Stored records
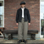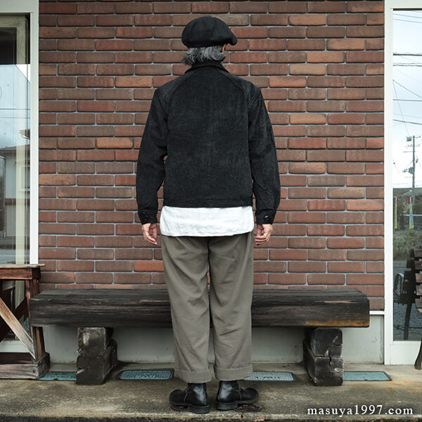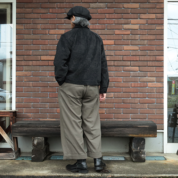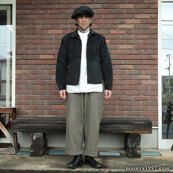 抜染プリントされたミックス調の7.5ウェル・コーデュロイ生地が、雰囲気抜群。レギュラーカラーのオーソドックスなフルジップ・ブルゾンとの相性もよく、着た時のかっこよさは格別です。デニムやチノなどベーシックなボトムと合わせたり、クラシックなトラウザーとの落ち着いた装いもおすすめ。裏地無しの1枚モノなので、Tシャツに羽織っても良いですね。
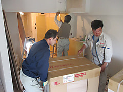 オープンルーム開催直前の西新ビルです。今回からキッチンの組み立てになります。 搬...
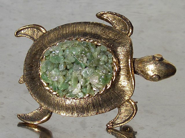 > †80S 南国 HAWAII 大海を自由奔放に海遊 赤ウミガメ アオウミガメ タイマイ 海亀ブローチ 真鍮×天然石グリーンアパタイト レトロ 美品
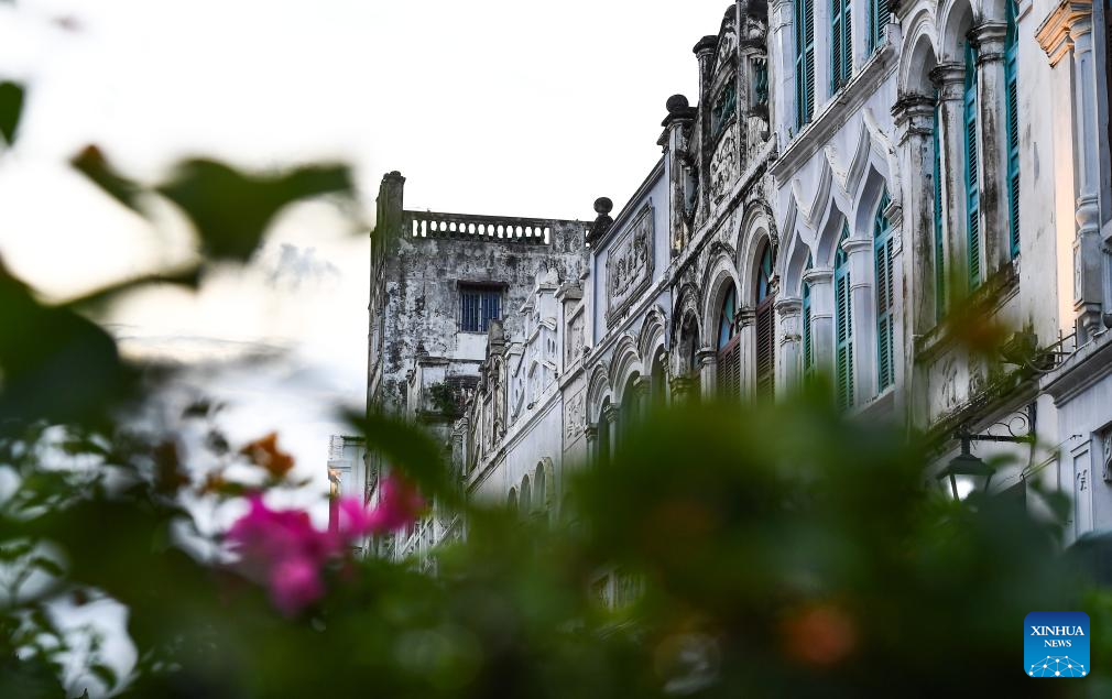 This photo taken on Aug. 21, 2023 shows part of buildings at the Qilou old street in Haikou, south China's Hainan Province. (Xinhua/Yang Guanyu)
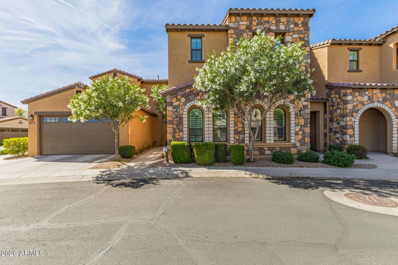 Rare & desirable ground-floor, single-level Villa 2 model in the prestigious gated community of Serenity Shores at Fulton Ranch. Enjoy luxury, security, and convenience with resort-style living. Inside youll find wood-look tile flooring, plantation shutters, high ceilings, and designer lighting throughout. The open layout centers around a gourmet kitchen with upgraded GE Profile stainless steel appliances, gas cooktop, white cabinets with pull-out drawers, granite countertops, subway tile backsplash, and an island with breakfast bar. Spacious living area opens to a private covered patio for relaxing, while a separate dining space is perfect for hosting. Primary suite features dual sink vanity, soaking tub, separate shower, walk-in closet, and direct patio access. Two additional bedrooms and bath are split from the primary for privacy. Attached two-car garage with built-in cabinets and epoxy flooring. Community amenities include heated pool and spa, fitness center, clubhouse, and walking paths. Conveniently located near dining, shopping, golf, and entertainment.
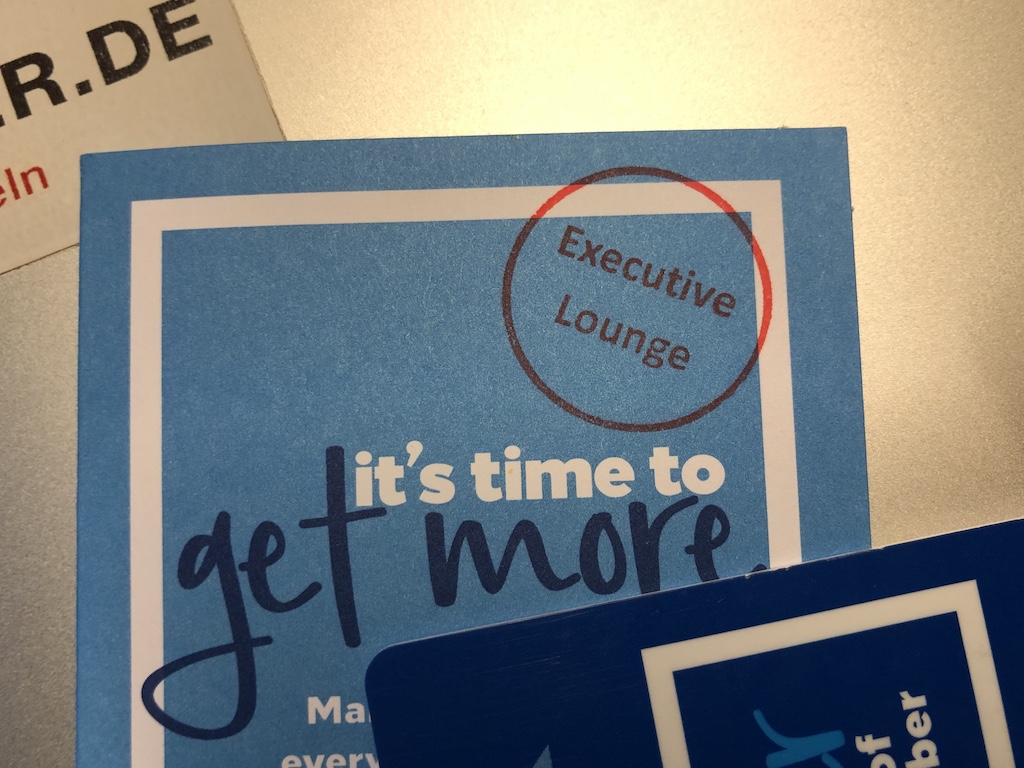 Mit einem Hinweis auf das Upgrade erhielten wir die Schlüsselkarten, ein Stempel auf dem Etui sollte die Nutzung der Executive-Ecke im Restaurant sicherstellen.
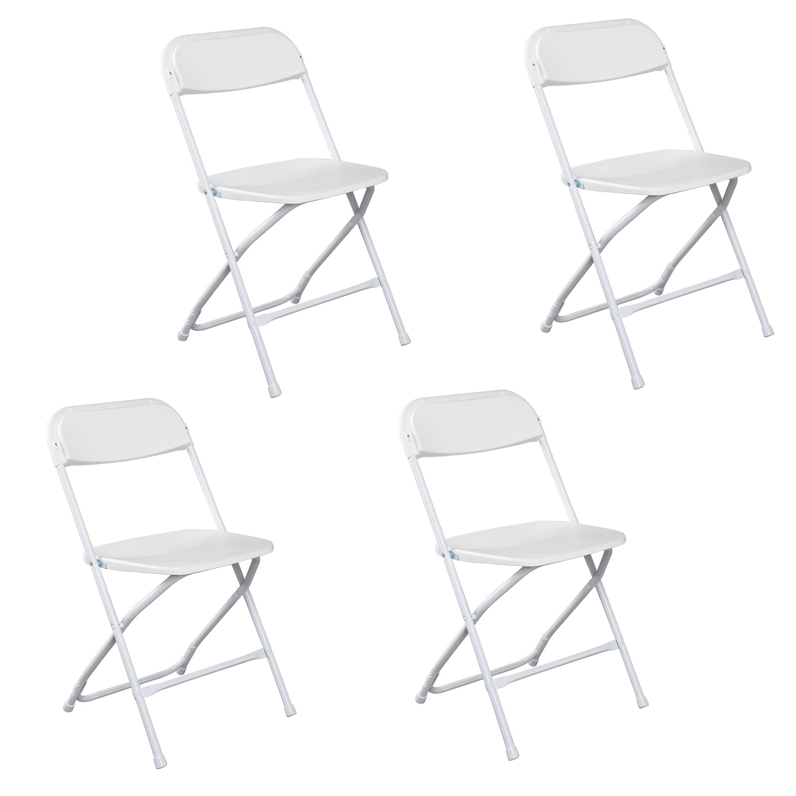 This set of 4 plastic folding chairs is designed for durability and comfort, with a high weight capacity of up to 350 lbs. Made from heavy-duty plastic and metal with powder coating, these chairs are built to last, even in demanding environments like parties, offices, schools, and picnics.
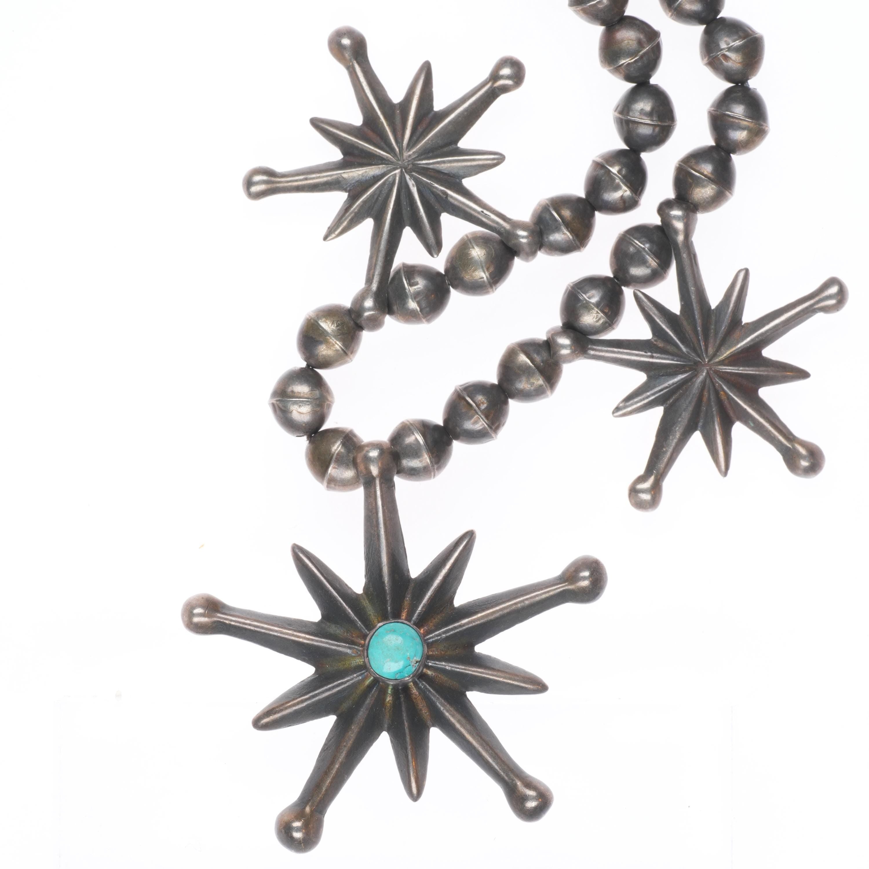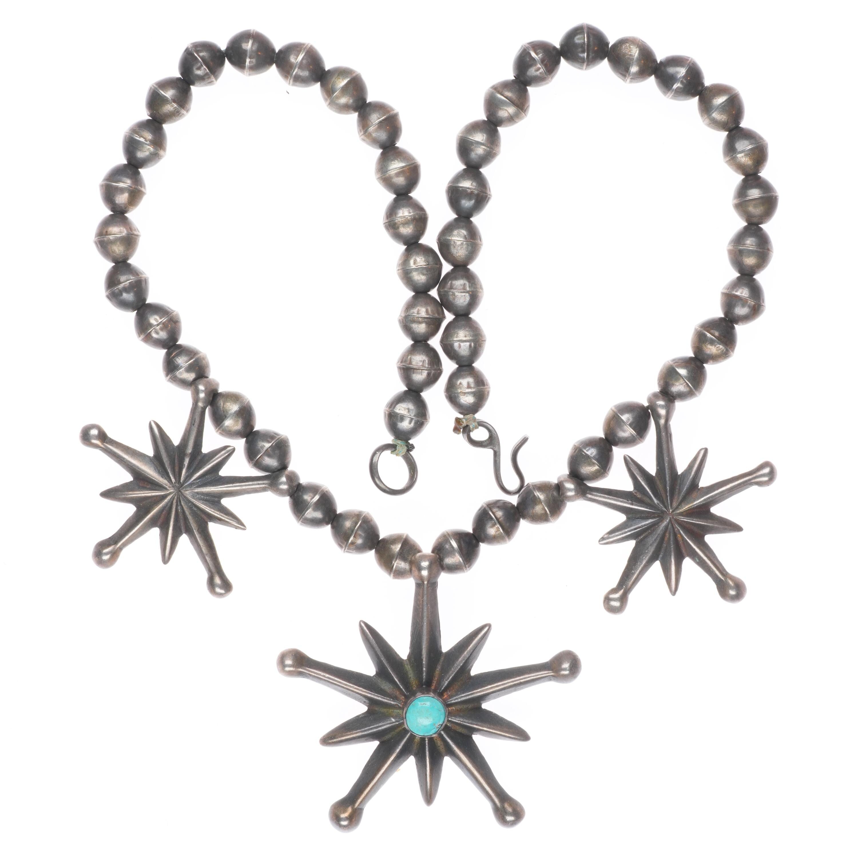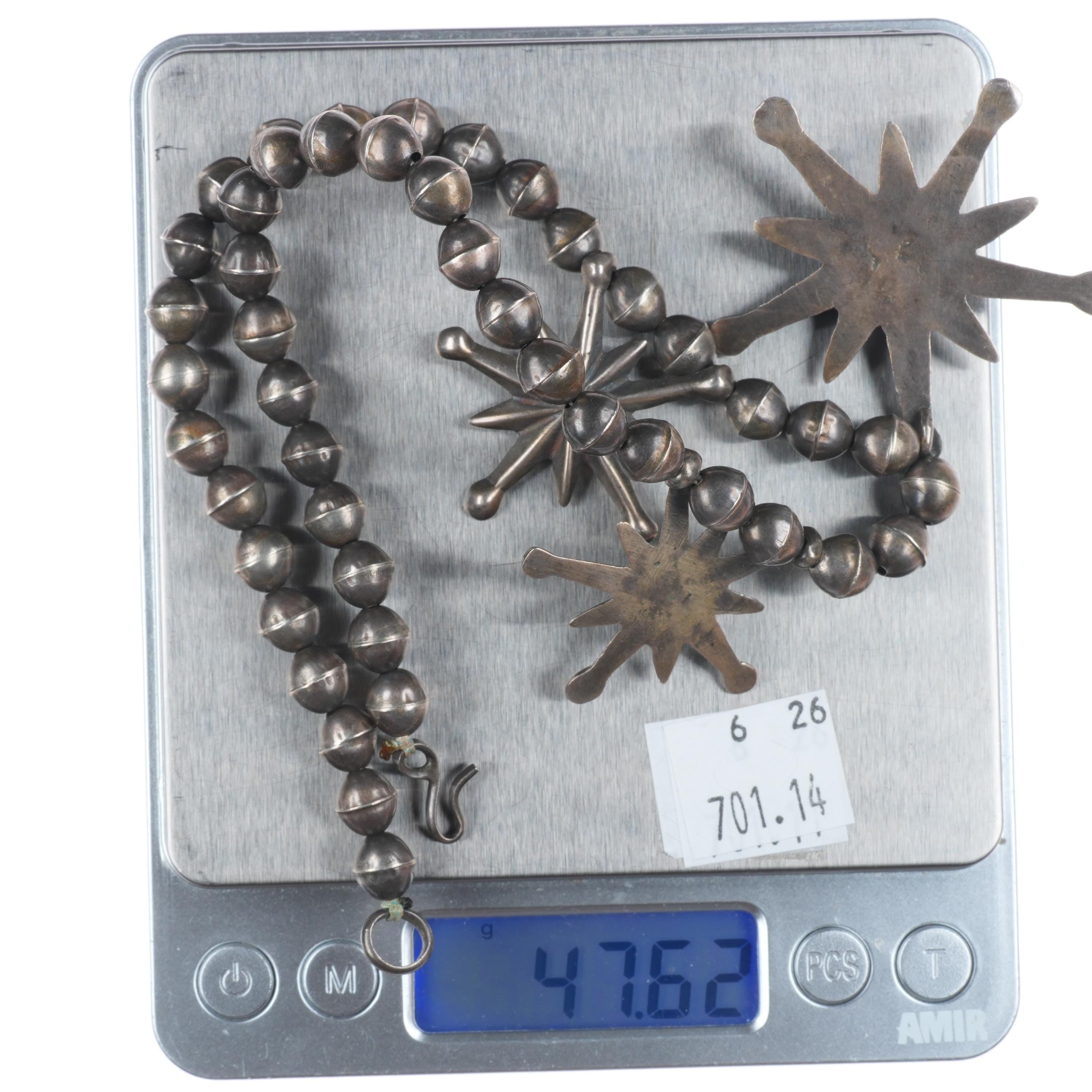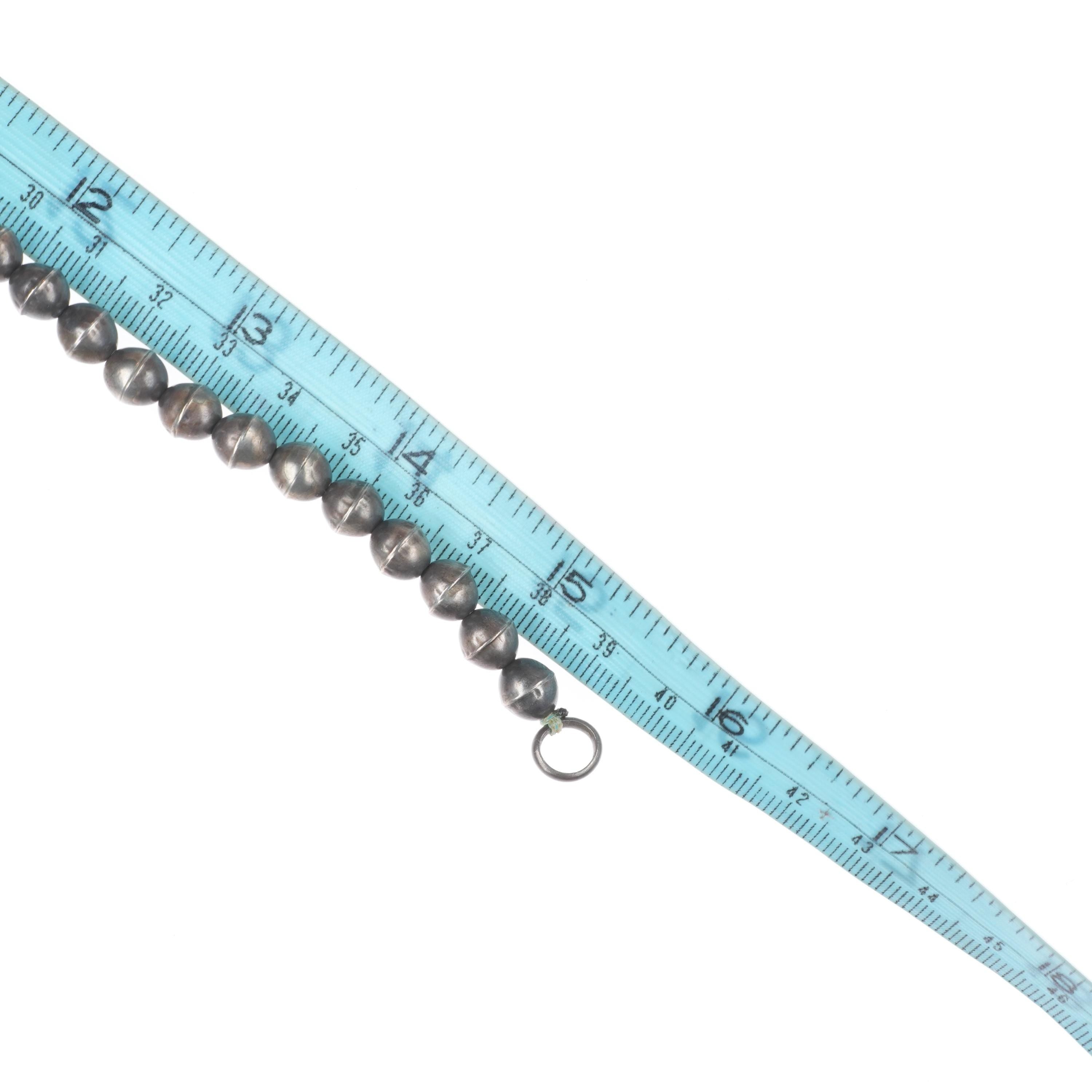30's-40's Vintage Zuni or Navajo cast sterling silver beaded necklace turquoise. Selling the necklace shown in good condition with measurements in pictures. Tested and guaranteed solid sterling silver. Weight and measurements in pictures. Circa second quarter of the 20th century. 15.75" long
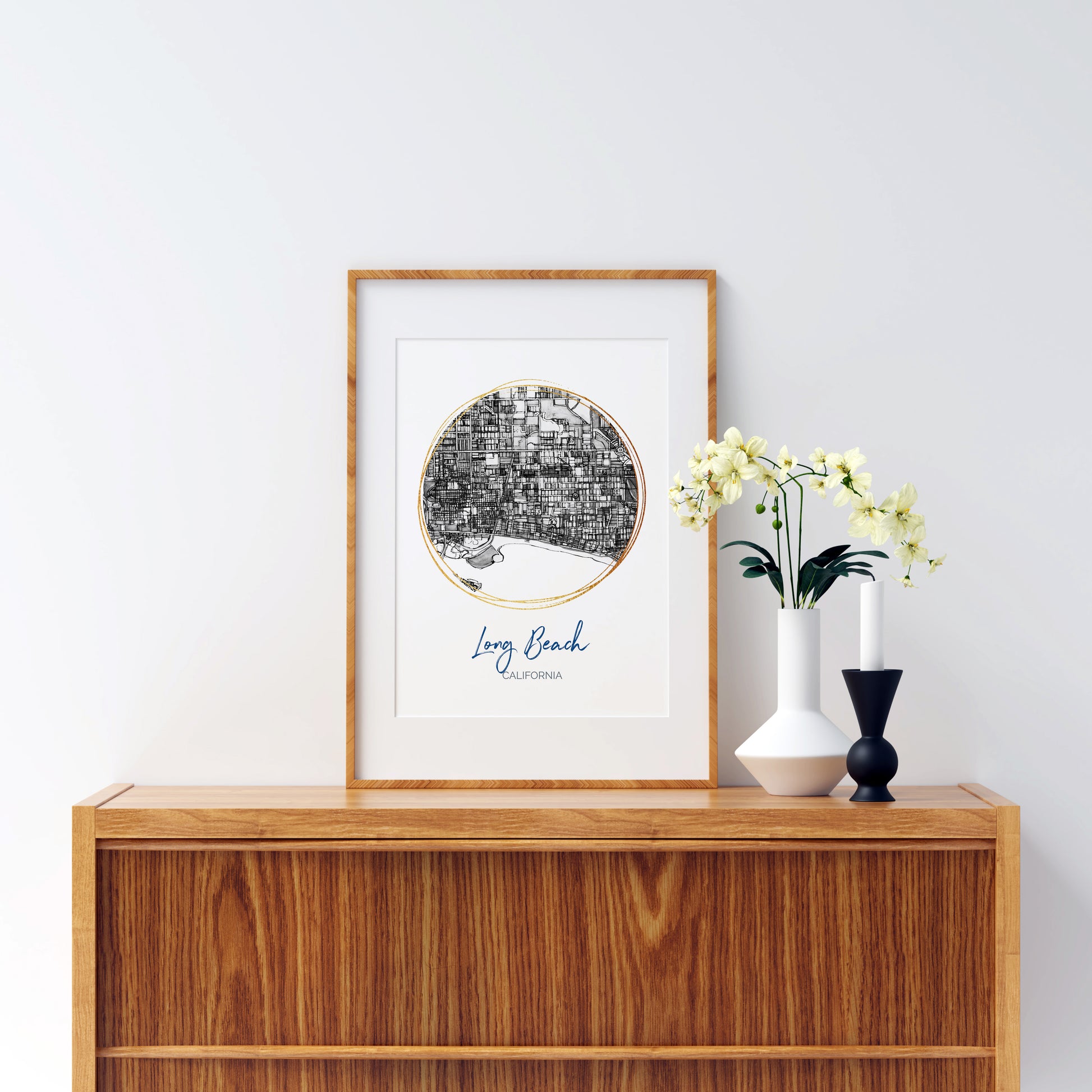 Long Beach CA Map Art - Digital Fine Art Print. Black & White

** WORK INSTRUCTION **
The entries are to be written out again exactly, without their pictures.

** REPLY **
 抜染プリントされたミックス調の7.5ウェル・コーデュロイ生地が、雰囲気抜群。レギュラーカラーのオーソドックスなフルジップ・ブルゾンとの相性もよく、着た時のかっこよさは格別です。デニムやチノなどベーシックなボトムと合わせたり、クラシックなトラウザーとの落ち着いた装いもおすすめ。裏地無しの1枚モノなので、Tシャツに羽織っても良いですね。
 オープンルーム開催直前の西新ビルです。今回からキッチンの組み立てになります。 搬...
 > †80S 南国 HAWAII 大海を自由奔放に海遊 赤ウミガメ アオウミガメ タイマイ 海亀ブローチ 真鍮×天然石グリーンアパタイト レトロ 美品
 This photo taken on Aug. 21, 2023 shows part of buildings at the Qilou old street in Haikou, south China's Hainan Province. (Xinhua/Yang Guanyu)
 Rare & desirable ground-floor, single-level Villa 2 model in the prestigious gated community of Serenity Shores at Fulton Ranch. Enjoy luxury, security, and convenience with resort-style living. Inside youll find wood-look tile flooring, plantation shutters, high ceilings, and designer lighting throughout. The open layout centers around a gourmet kitchen with upgraded GE Profile stainless steel appliances, gas cooktop, white cabinets with pull-out drawers, granite countertops, subway tile backsplash, and an island with breakfast bar. Spacious living area opens to a private covered patio for relaxing, while a separate dining space is perfect for hosting. Primary suite features dual sink vanity, soaking tub, separate shower, walk-in closet, and direct patio access. Two additional bedrooms and bath are split from the primary for privacy. Attached two-car garage with built-in cabinets and epoxy flooring. Community amenities include heated pool and spa, fitness center, clubhouse, and walking paths. Conveniently located near dining, shopping, golf, and entertainment.
 Mit einem Hinweis auf das Upgrade erhielten wir die Schlüsselkarten, ein Stempel auf dem Etui sollte die Nutzung der Executive-Ecke im Restaurant sicherstellen.
 This set of 4 plastic folding chairs is designed for durability and comfort, with a high weight capacity of up to 350 lbs. Made from heavy-duty plastic and metal with powder coating, these chairs are built to last, even in demanding environments like parties, offices, schools, and picnics.
30's-40's Vintage Zuni or Navajo cast sterling silver beaded necklace turquoise. Selling the necklace shown in good condition with measurements in pictures. Tested and guaranteed solid sterling silver. Weight and measurements in pictures. Circa second quarter of the 20th century. 15.75" long
 Long Beach CA Map Art - Digital Fine Art Print. Black & White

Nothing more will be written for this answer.